Whittemore was born in 1894, in Pembroke, New Hamphire, where he would later serve as town moderator for twenty-five years. After attending Pembroke Academy, he was employed by the Boston and Maine Railroad as a car shop laborer, eventually becoming assistant to the president. He left Boston and Maine Railroad in 1917 to become municipal accountant and assistant to the New Hampshire State Tax Commission. In 1929, he returned to Boston and Maine Railroad and then began working for Maine Central Railroad.

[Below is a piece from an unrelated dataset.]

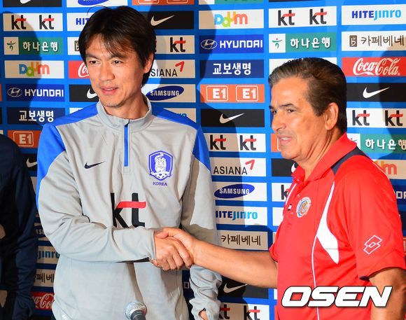 홍명보 감독이 뒤늦게 나타난 코스타리카 루이스 핀토 감독과 악수를 나누고 있다./spjj@osen.co.kr

In 1944, Whittemore began his affiliation with the Boston Fed as a director. Two years later, he was elected president of the Bank. According to a 1948 Time magazine article, Whittemore "woke things up at the church-quiet Federal Reserve Bank by providing piped-in music." He was known for his legendary dry wit and inexhaustible supply of anecdotes.
Whittemore spent less than three years as the Boston Fed's president, resigning in 1948 to become president of the New York, New Haven, and Hartford Railroad. He then took over the Brown Company, a paper and pulp manufacturer in New Hampshire.
In the 1950s, President Eisenhower selected Whittemore as special envoy to the General Agreement on Tariffs and Trade as well as the President’s Commission for Education. Education was a particular interest of Whittemore’s, and he served as a trustee for several schools and colleges including the University of New Hampshire. As a great booster of the New England region, he also served as secretary of the New England Council.
Whittemore died in 1960, in Concord, New Hampshire. He was eulogized by the state's governor as "Mr. New England." He married Evelyn Fulford and had three children.